With a toot and a wave we began our journey. The train isn’t a steam train so you don’t get all the smell and puffing that you normally get but judging by the little kid I saw waiting for us at the childcare we passed you can still hear it. The train went past the Red Beret Hotel in Redlynch then around Horseshoe Bend to begin our ascent. It’s cool going round the bend because it means you can get good photos of the front and back of the train. Soon after we passed through the first of 15 tunnels. At each interesting point in the trip the voiceover and lcd screen would combine to warn us what was happening. This was great because it meant that you could ready your camera to be on the correct side of the train to take your momento. The views got better as we got higher and when we reached Stoney Creek Station I was really enjoying myself. We didn’t stop at the station but we did slow down as we got nearer to the Stoney Creek Falls. There is a magnificent bridge that hugs the side of the mountain and takes you so close to the water you could almost touch it. As we left the falls the voiceover told you the precise moment to take a photo so that you could get a nice perspective image as well. A few more tunnels later (including tunnel 6 where a train had been robbed in 1973 – not the scenic train though) and we were at Barron Falls.

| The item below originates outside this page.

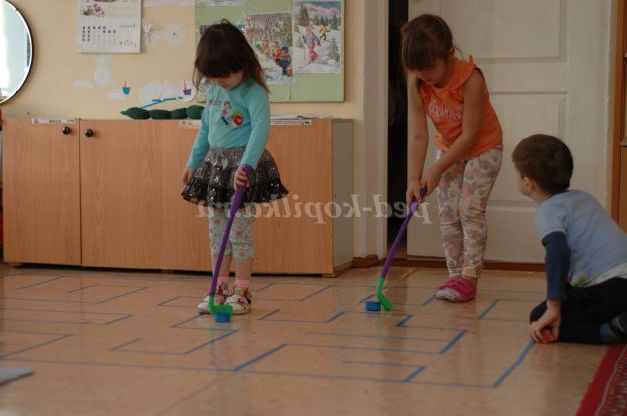 По цьому лабіринту не тільки наші дітки із задоволенням ходять, але і кожен дорослий, який потрапив у групу, вважає своїм обов'язком подолати цю перешкоду! При цьому, ми вирішили ускладнити завдання... Ми ж не хочемо, щоб лабіринт вивчили і забули... З кришок від п'ятилітрових пляшок ми зробили шайби. І тепер ребетня старанно намагається шайбу ключкою довести від входу до виходу. Не повірите, це дуже важко! Треба стежити, щоб шайба не "втекли" за кордон лінії, інакше доведеться повернутися в початок шляху!!! А поки стежиш за шайбою, можеш і потрібний поворот пропустити, доводиться бути гранично уважним і зосередженим! Як тільки освоют цей варіант гри, замість шайб запропонуємо маленькі м'ячики... і так з ускладненням.

After a bit of rain I’m sure it’s worthy of it’s name but today it was more like Barron Dribble. There is a huge viewing area that is accessible by people travelling by car as well as the train. We were allowed to get off for 10 minutes and look at it in wonderment but since the water wasn’t really cascading I spent some time walking to the front of the train to have a look at the engine. On the walk Pauline and I passed hundreds of asian kids in uniform. It was like the whole school was on the train there were that many and they took up probably the first 5 carriages. We did the lovely little poses near the train then waited for the largish english ladies to get back on. They seemed to enjoy everything except the embarking and disembarking. Another toot of the horn and we were off.

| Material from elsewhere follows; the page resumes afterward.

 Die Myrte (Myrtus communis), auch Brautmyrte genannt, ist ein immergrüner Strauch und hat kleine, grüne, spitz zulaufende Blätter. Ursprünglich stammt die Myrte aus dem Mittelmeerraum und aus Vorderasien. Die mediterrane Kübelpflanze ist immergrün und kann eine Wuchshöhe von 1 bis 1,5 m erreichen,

The only other item of interest before we reached Kuranda Station was Robb’s Monument named after one of the foreman on the team that built the raliway line. Kind of looks like a phallic symbol and this is the closest I can get to talking about penis’ on this trip because I apparently always talk about penis’ on holidays. I don’t think it was named after his appendage – I think it was more to do with the great leadership he showed or something.
As soon as you get off the train in Kuranda you are immediately struck by how green the place is. This may be because you are likely to get hit in the head with one of the lovely hanging baskets that line the station. There is none of that glass and concrete you get from a city train station because it is all rainforest here baby. It’s bedlam while everyone gets off the train and figures out where they are going but if you take it slowly and wait a while you get time to enjoy the station unempeded. You can browse the shop, have a cup of coffee, walk to the overpass and watch the train change from front to back and then start your walk up to the town. You don’t escape the train immediately though because they have used sleepers and railway steel to make the walkway and also have rail steel seats to sit in halfway up. Passing the pub on the way there was a girl hawking the benefits of the cafe across the road. We weren’t in the mood because we wanted to explore so we kept going.
Kuranda is a small town that feeds off the people visiting for the rainforest, train, skyrail and wildlife that exist up there. We visited some unimpressive markets (once you go to Eumundi there is no other subsititute), the candy store and bought some yummy ice-cream. I wondered why the aboriginal art was located in a store shaped like a european ship and marvelled at the cool bins adorned with metal ants. On the train ride we saw an ad for Birdworld on the lcd screen and Pauline was sold when she saw they had a cassowary. It wasn’t hard to find the place as it is located next to Butterfly World and you can get a deal where you can visit both of those places. We only got the Birdworld deal though because Dianne and Deb were picking us up later to go to Mareeba.
Birdworld was about $14 and as we walked in I passed what I thought was a stuffed owl. Pauline informed me it was quite real so we turned around to take pictures. I turned off the flash and tried to take some photos but I was a bit shaky so I gave it to Pauline. As soon as she lifted it to her eye the ticketsellers freaked out and yelled no flash and came running towards us! We weren’t stupid and had realised that a night bird with huge eyes doesn’t appreciate bright light flashed in it’s face but I think those ladies freaked it out more than the light ever would!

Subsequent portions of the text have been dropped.